1.1 Input embeddings
Converting natural language to numerical representations.
Diagram 1.1.0: The Transformer, Vaswani et al. (2017)
The inputs to the encoder are first split into tokens. A token may consist of a whole word, or a portion of a word.
Each token is then mapped to a multidimensional vector (set of numbers in a format ready for matrix operations). An example of a vector representation would be a word embedding. A word embedding represents tokens in a dense way, such that similar tokens show high cosine similarity when compared (in vector representation). This dense representation also allows models to comprehend a large quantity of different tokens.
Diagram 1.1.1: A depiction of a sequence being converted to tokens, and then one token being converted to a 9-dimension vector.
Word embeddings may be developed via:
- neural networks and large quantities of unlabeled training data, by optimising a loss function based on tokens that are expected to be close together (e.g. Word2Vec from Google, 2013)
- global co-occurrence statistics and subword information (e.g. GloVe from Pennington et al. 2014)
Modern word embeddings are typically of very high dimension, e.g. Meta’s LLM Llama-4 uses 5120 dimensions[1] for larger models. Mapping a token to a word embedding is a one-to-one mapping, once the embeddings have been finalised.

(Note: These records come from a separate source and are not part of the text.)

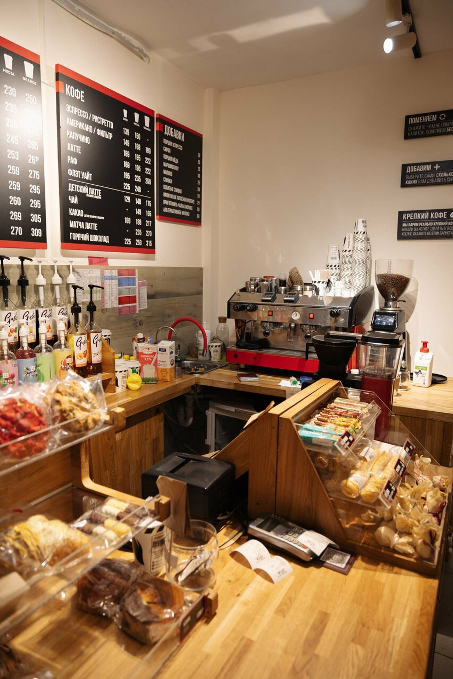 Еда и напитки. Помимо всего кофейного меню сети, здесь можно попробовать авторские напитки, например, «Сливочный раф» или «Матчу на фреше». Кухня предлагает широкий выбор для любого времени дня: сытные завтраки, разнообразные сэндвичи и роллы, салаты, горячие блюда и сладкую выпечку. Отдельного внимания заслуживают домашние десерты: трубочки, кукисы и конфеты ручной работы.
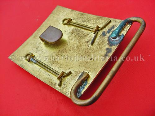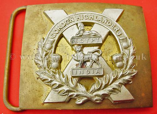 Gordon Highlanders cross belt plate, in excellent condition, rectangular brass plate bearing a white metal Gordon Highlanders device. To the rear 2 pins secure the front device, the fixed loop and clip are present, a nice shoulder cross belt plate.
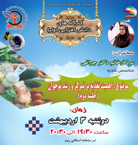 قسمت اول در جلسه قبلی انجام شده بود . خانم دکتر چراغی عضو تیم تغذیه دانشگاه تهران سخنگوی جلسه بودند که موارد بسیار مهمی را با اولیای عزیز به اشتراک گذاشتند. ضمنا انتهای جلسه پرسش و پاسخدرنظر گرفته شد تا اولیا سوالهایشان را از خانم دکتر بپرسند.
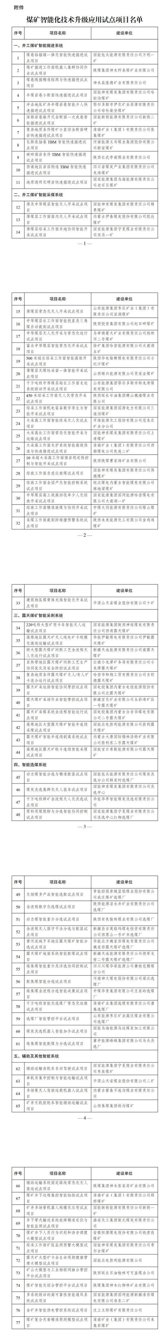国家能源局印发煤矿智能化技术升级应用试点项目名单
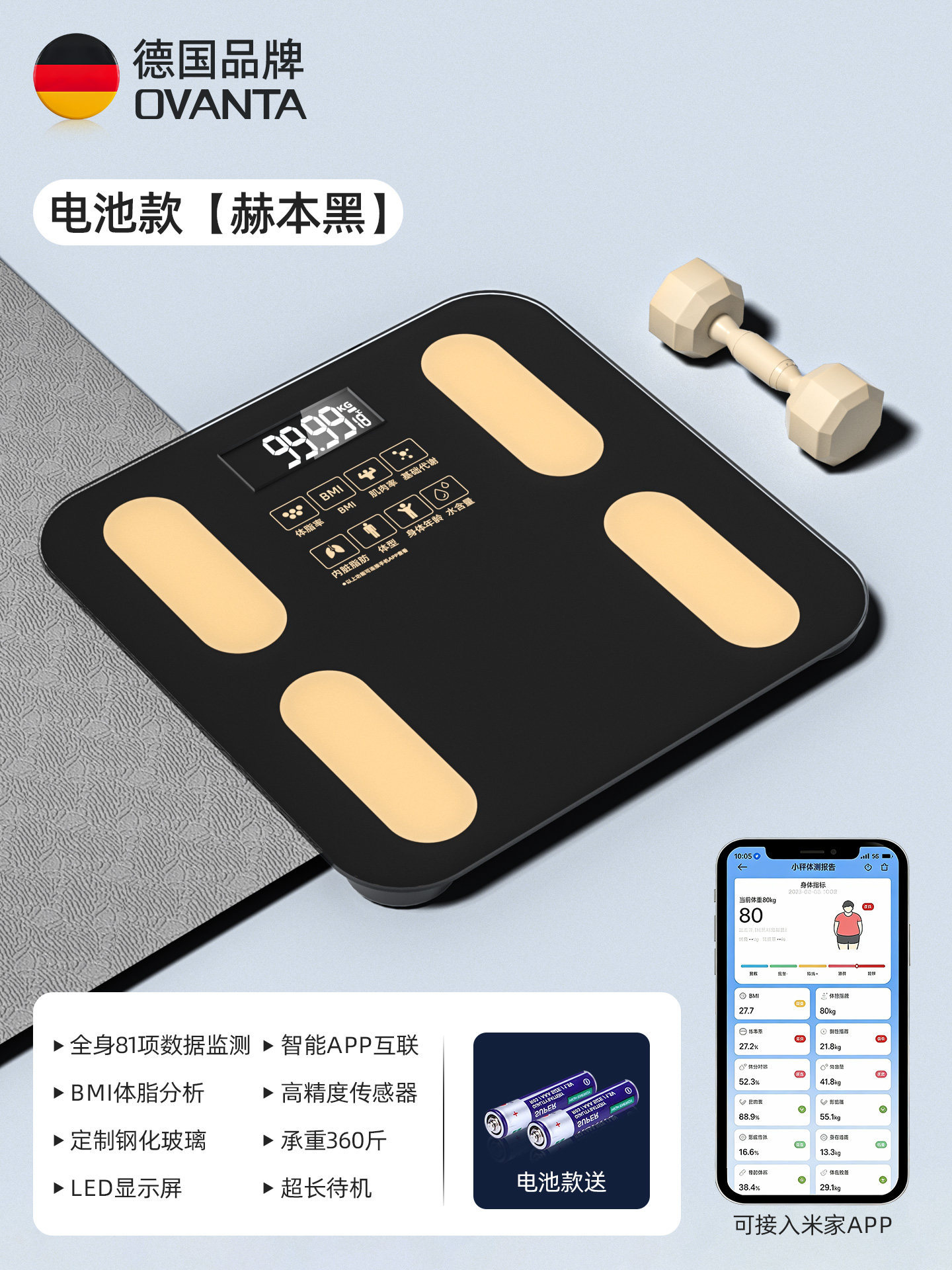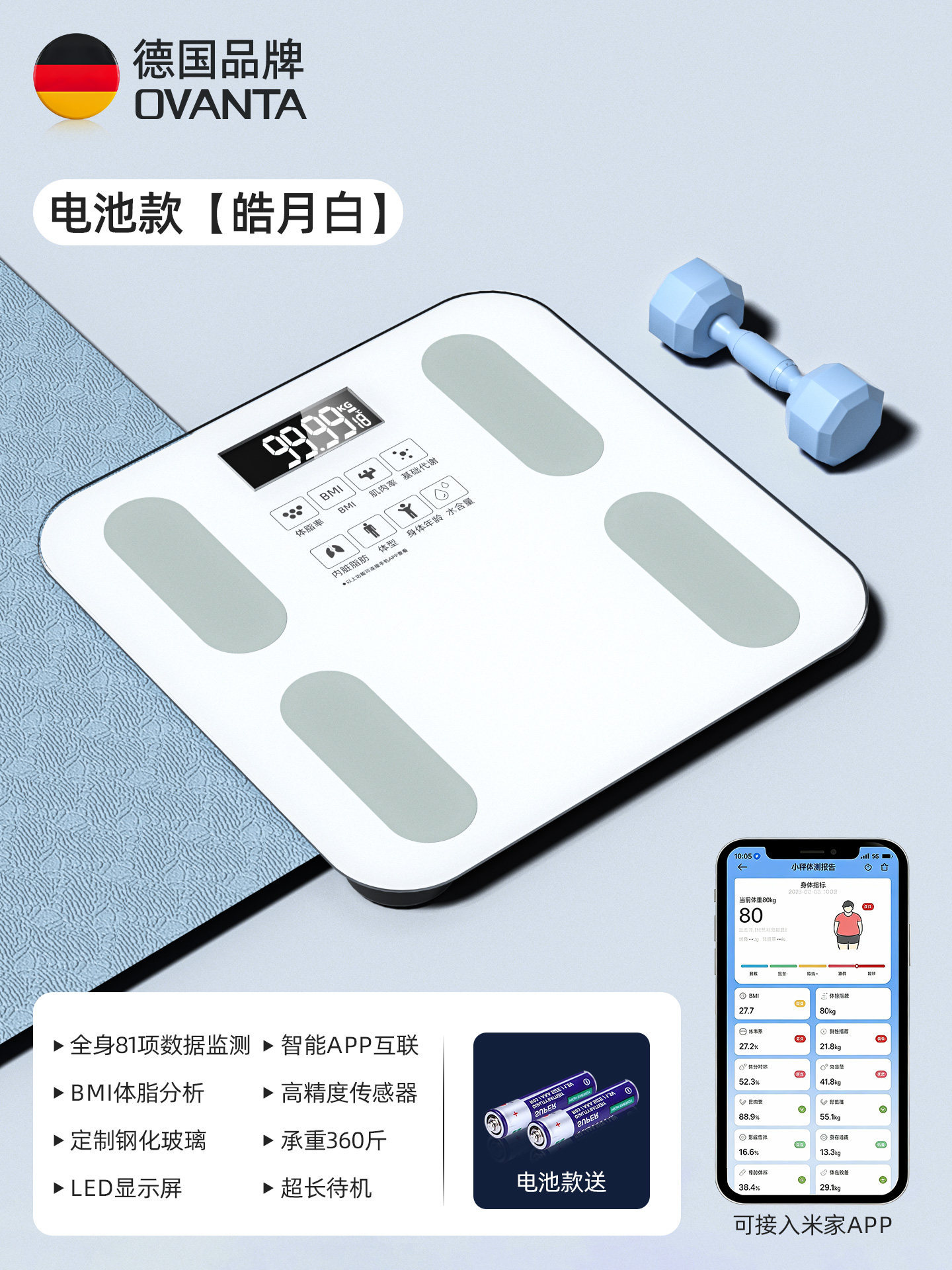 • Haoyuebai [배터리 체지방 측정기] 체중 감량 전용/정확한 무게 측정/미지아 앱 지원

A theoretical example of a vector embedding could be a 6-dimensional vector, where each dimension measures how strongly the token/word is a member of the following groups:
- noun
- verb
- adjective
- adverb
- prepositions
- connectives
Realistically, if generated via a neural network, each dimension of an embedding could represent membership to a grouping of tokens that share some connection, but the connection may never have been formally defined by humans. Furthermore, multiple dimensions of these unique groupings could interrelate.
Representing data as vectors is a method that can be applied to a variety of contexts, and so is independently a large domain even outside the context of LLMs. For example, representations may be utilised to find similarities between documents, for classification or information retrieval purposes.